Its top priorities also have included changing formulations of firefighting foam used on base to eliminate use of PFAS compounds and changing training and emergency response procedures. It’s been retrofitting emergency vehicles to prevent inadvertent PFAS releases, he said.

“As members of the community, we recognize the importance of water to the Tucson community, and we are taking aggressive action and working closely with regulators to address risk to drinking water sources. The first thing we can and have done is protect drinking water because it is the most immediate pathway for human exposure to PFOS/PFOA, and the EPA has established a health advisory for PFOS/PFOA in drinking water.”

Under the federal Superfund law, the Guard must address immediate risk, and will continue to use a risk-based approach as it conducts the remedial investigation, he said. The investigation is “critical to determining what actions we should take, and best approaches to protecting human health,” he said.

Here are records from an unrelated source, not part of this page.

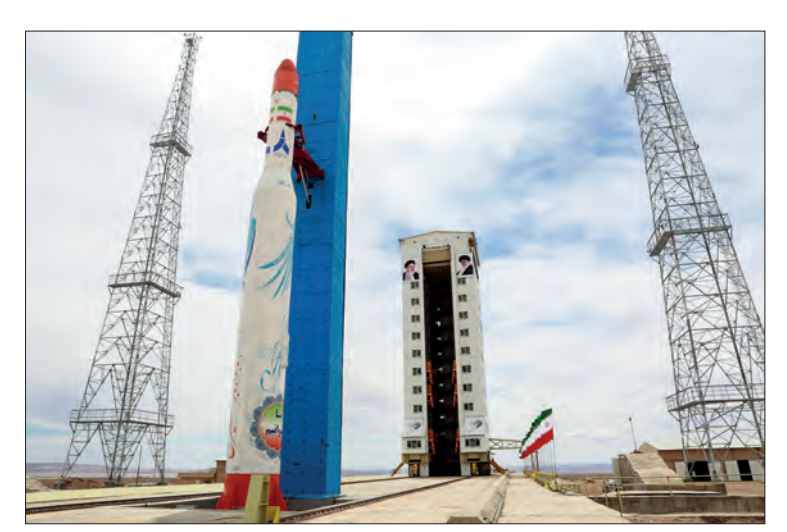
Handout picture released by Iran's Defence Ministry on 27 July 2017 shows a Simorgh (Phoenix) satellite rocket at its launch site at an undisclosed location in Iran.

"The research goals foreseen for this launch have been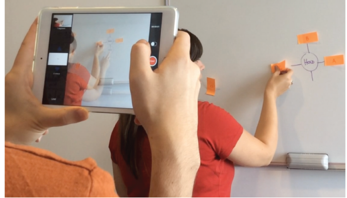
Figure 3: Ideation techniques in this workshop. Examples of Dialogue-Lab activities (left) [13] and video prototyping (right) [14] from the authors' research.

unique topics (Figure 3 left). Pairs of participants will cycle around the stations for a discussion, focusing on one topic at a time.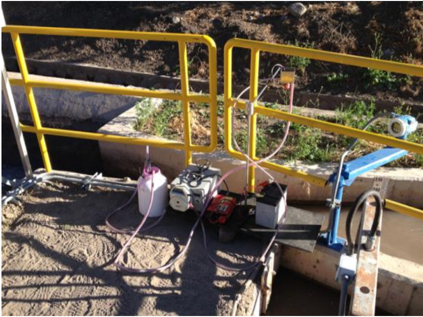
Injection of the measurement fluorescent tracer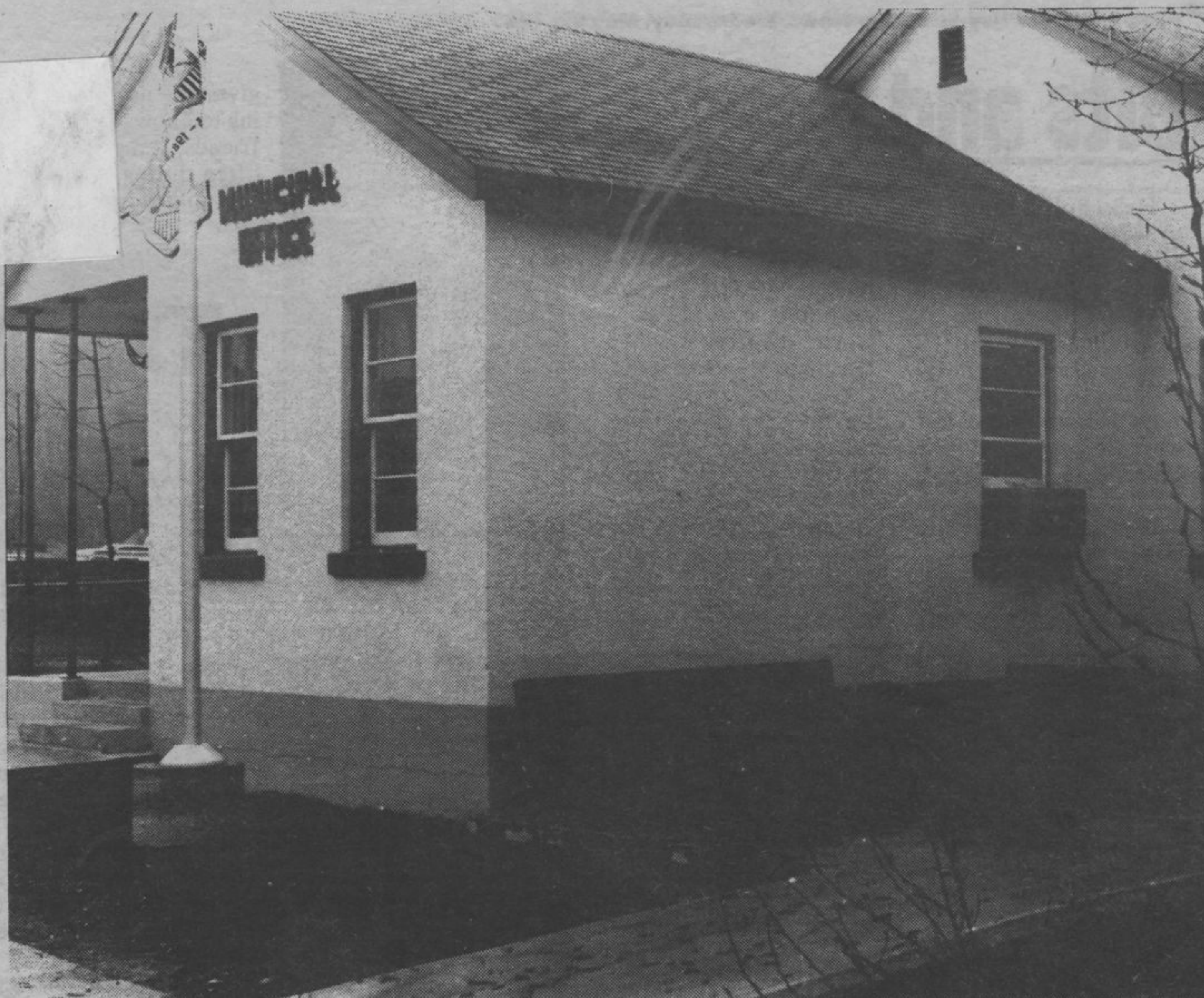
New benches at a number of locations in Schreiber to commemorate 100 years.

Serving Terrace Bay, Schreiber and Rosport 35¢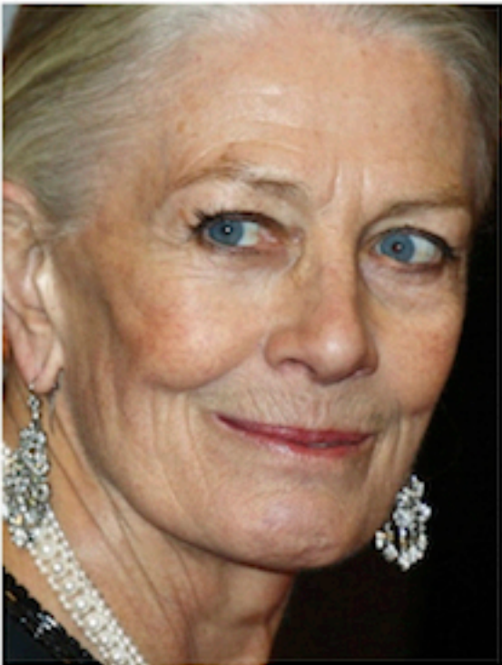
Patrick Stewart, Alfre Woodard and Vanessa Redgrave to Appear at the 53rd

Photo credit: Chicago International Film Festival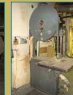
(1 OF 4) TANNEWITZ 36" VERTICAL BAND SAWS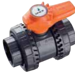
VXE Ball Valve Sizes: 1/2" – 6"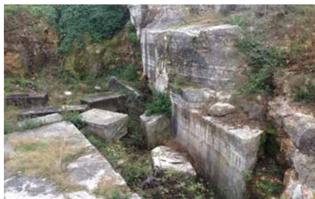
Figure 2: Quarries declared natural geological monuments: (left) Rupnica; (right) Fantazija.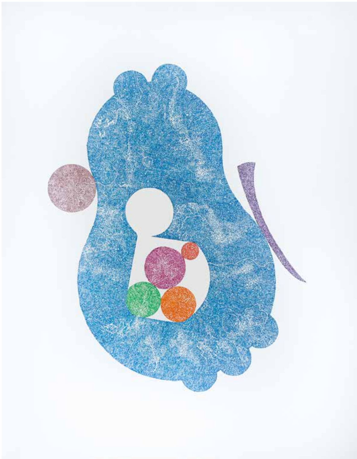
MUSIC HOUSE 2020 ink on paper 30 x 22 inches David Raymond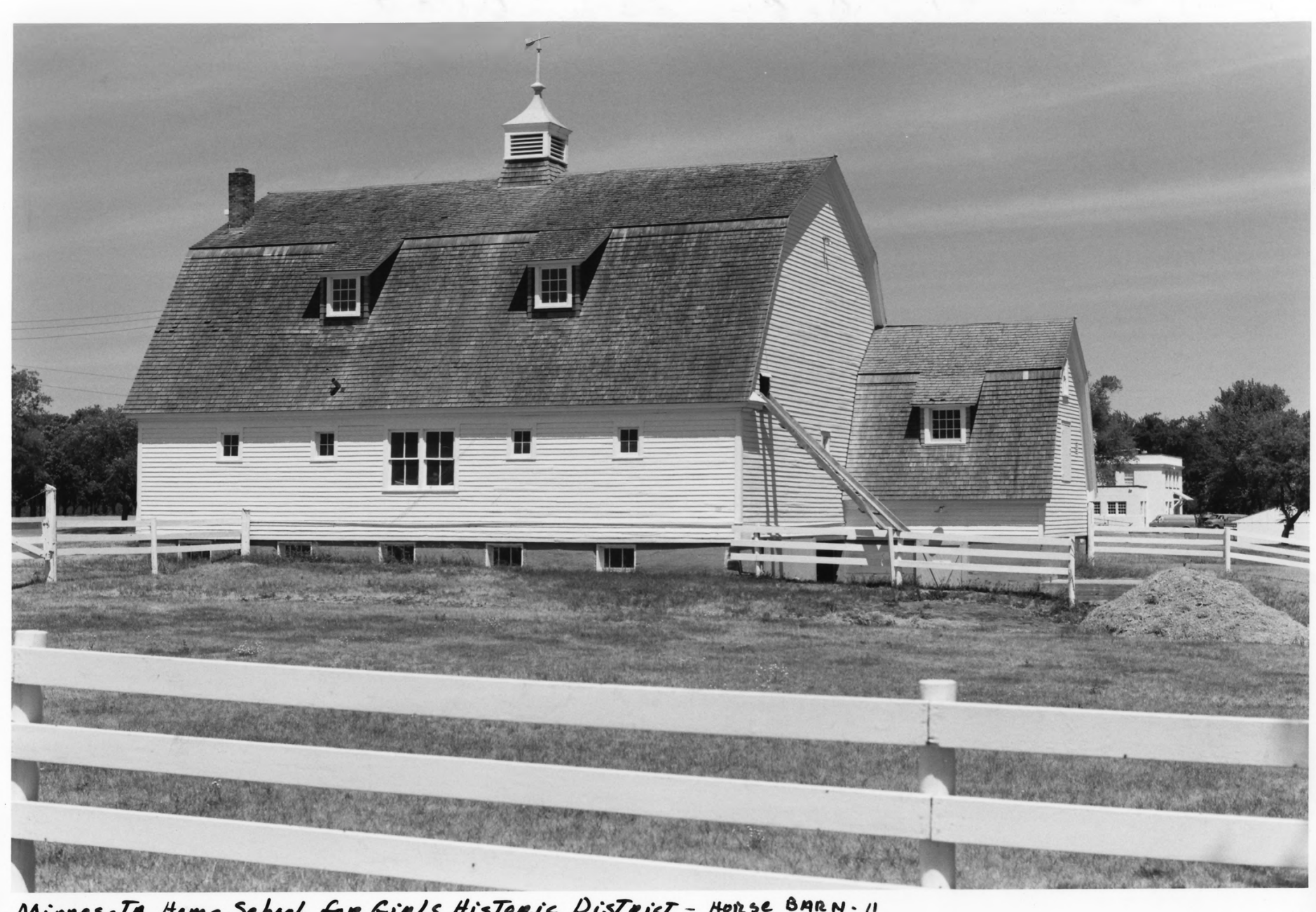
MinnesoTA Home School for Girls HisToric DisTrict - Horse BARN. 11 STEARNS COUNTY, MN. 09909-22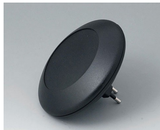
B5011029 ART-CASE R110 F PC+ABS (UL 94 V-0) black RAL 9005 ø110x30mm IP 40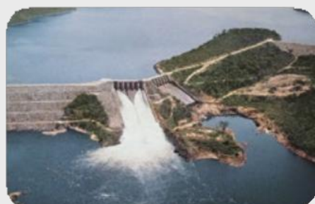
Volta Lake A cornerstone of Ghana's hydropower supply, inland transportation, fisheries, and industrial development, enabling regional electricity integration and economic growth.

From southern rainforests to northern savannahs, Ghana's beauty is unmatched. The spectacular Volta Lake, the largest man-made lake in the world, stands as a symbol of innovation and hydroelectric achievement. Ghana's 500-kilometer coastline offers beautiful beaches and historical forts and castles, reminders of its centuries-long interaction.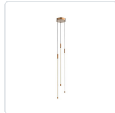
MP75227-BG Brushed Gold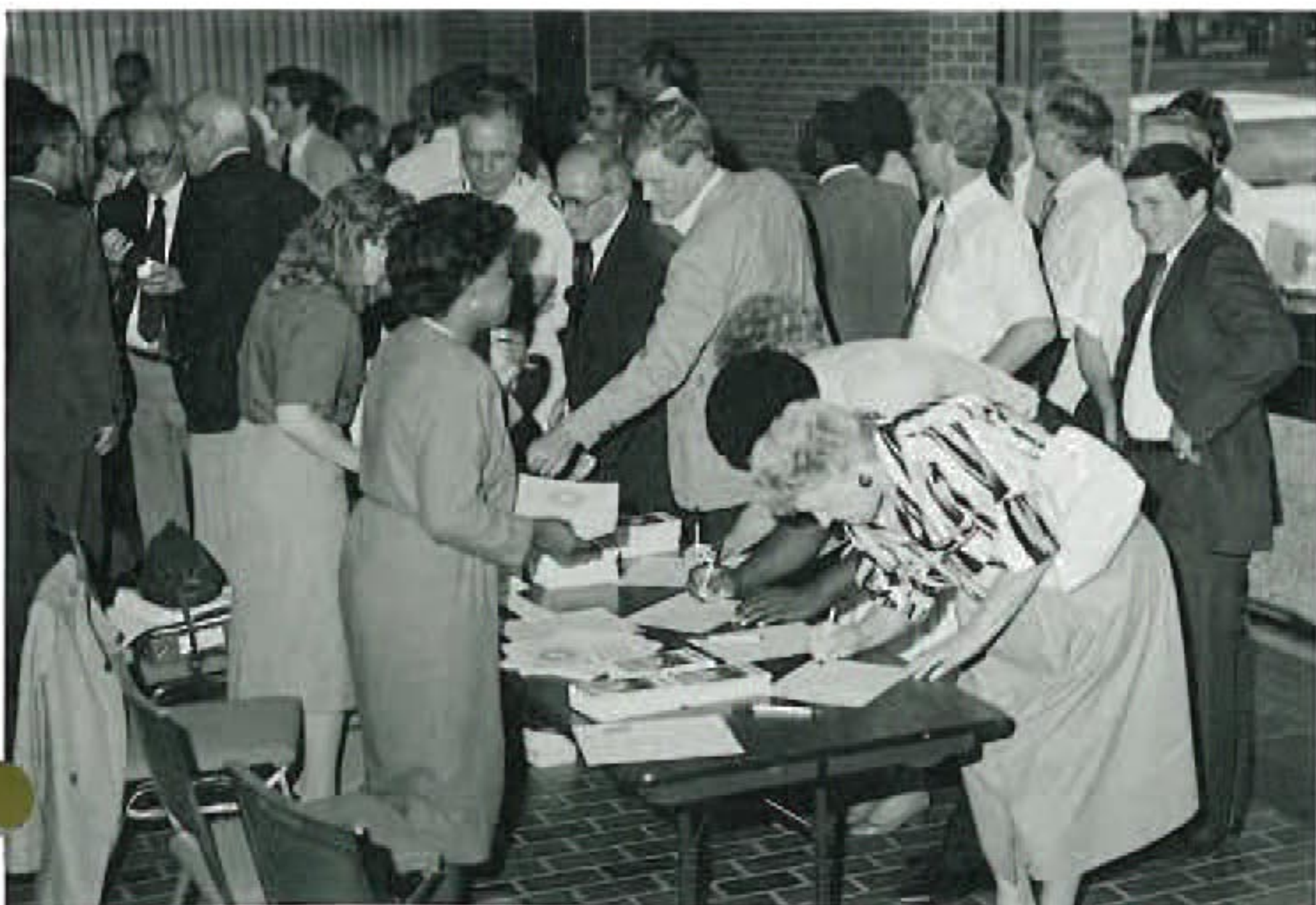
Registration at the Monticello meeting conducted in early August.

The highway program as it was presented at the public meetings was developed last year by the Highway Commission at the request of Arkansas business and industrial leaders. The program identifies the major highway corridors in the state and proposes to widen those routes to four-lanes.

The Guard’s announcement of an upcoming investigation comes two years after a March 2019 report by a Guard consultant concluded high concentrations of PFAS had contaminated much of the groundwater directly underneath the Guard’s base on Tucson International Airport property.

That fall, Tucson Water and Arizona Department of Environmental Quality officials said PFAS concentrations of up to 13,850 parts per trillion had been found in monitoring wells northwest of the Guard base.

This year, Tucson Water said several “production wells” that pump south-side groundwater to TARP for treatment have shown rapidly rising PFAS concentrations — up to 700% since 2017 and 2018.

The Air National Guard investigates, in general, to determine if the use of PFOS and PFOA, associated with activities on the base, causes drinking water sources to register concentrations above 70 parts per trillion, Kinkade said.

In the Tucson area, the Guard has provided bottled water to private well owners whose wells’ PFAS concentrations exceeded 70 parts per trillion and helped “coordinate” their efforts to get city water supplies from Tucson Water, he said.

“Our first priority is addressing these impacts,” Kinkade said.

Asked by the Star if the Air National Guard accepts responsibility for the PFAS contamination on the south side, Kinkade didn’t directly respond.

But, he said, “The Arizona Air National Guard 162nd Wing is a proud member of the Tucson community. As Guardsmen, our military members and their families have deep roots in the community and we share their concerns about this issue.”